Replace CSS animation rules with JavaScript-driven animations that you can pause, reverse, or control dynamically.
Build cross-browser animation sequences that work identically in older and modern browsers.
Animate SVG elements through a unified JavaScript API instead of relying on SVG-specific animation syntax.
Add a single script tag to your page and write animations using the standard element.animate() method.

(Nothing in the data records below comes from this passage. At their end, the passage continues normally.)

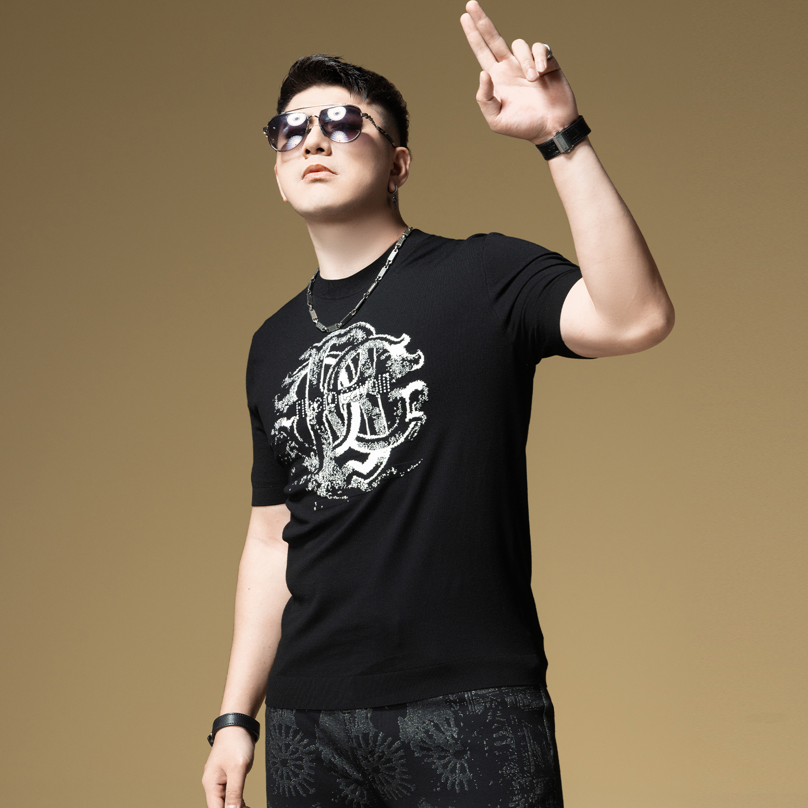 毛衣短袖 2025新款 男潮牌字母提花烫钻早秋上衣 高端针织衫 ZOUK男士
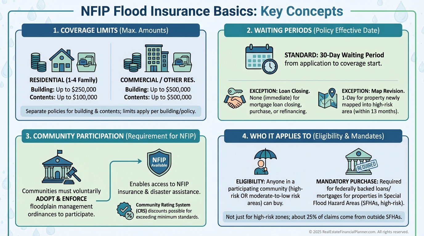 The National Flood Insurance Program enforces a standard 30-day waiting period.
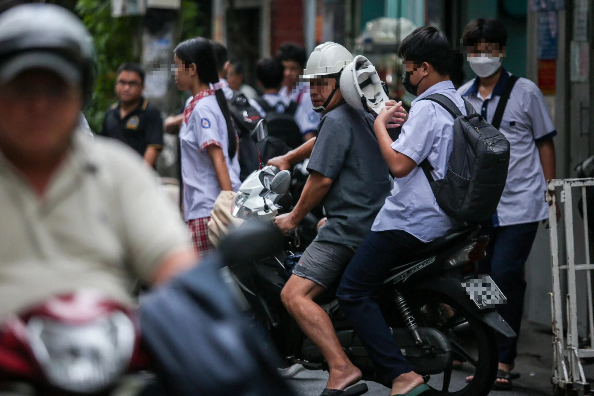 Học sinh vừa tan học chính khóa, được cha mẹ chở tới lớp học thêm lúc 17 giờ chiều qua, 23.11 trong con hẻm đường Trần Đình Xu, Q.1, TP.HCM

The Web Animations API is a browser standard that lets developers control animations entirely through JavaScript code, rather than relying on CSS or SVG-specific animation syntax. It brings the animation capabilities of both CSS and SVG under one unified system, making it possible to do things in script that previously required baked-in stylesheet rules. This repository is a polyfill for that API. A polyfill is a piece of JavaScript you include in a page so that a browser feature works even when the browser does not support it on its own. When a browser already supports the Web Animations API natively, this polyfill steps aside and lets the browser handle it directly. When a browser does not have native support, the polyfill takes over and provides the same behavior. Using it is straightforward. You add a single script tag to your HTML page pointing to the polyfill file, and then you write animations the standard way: select an element, call its animate method, pass in the properties you want to change and options like duration, direction, and how many times it should repeat. The README includes a short working example that fades and scales a div element. The project links to a codelab tutorial, a collection of live demos, and the official MDN reference documentation if you want to learn more about the API itself. The W3C specification that defines the standard is also linked for anyone who wants the formal technical definition. Feedback channels are split by topic: questions about the API design go to the W3C web-animations repository or a public mailing list, while bugs specific to this polyfill go to the issues tracker in this repository. A low-volume mailing list exists to announce any breaking changes to the polyfill so developers can stay informed.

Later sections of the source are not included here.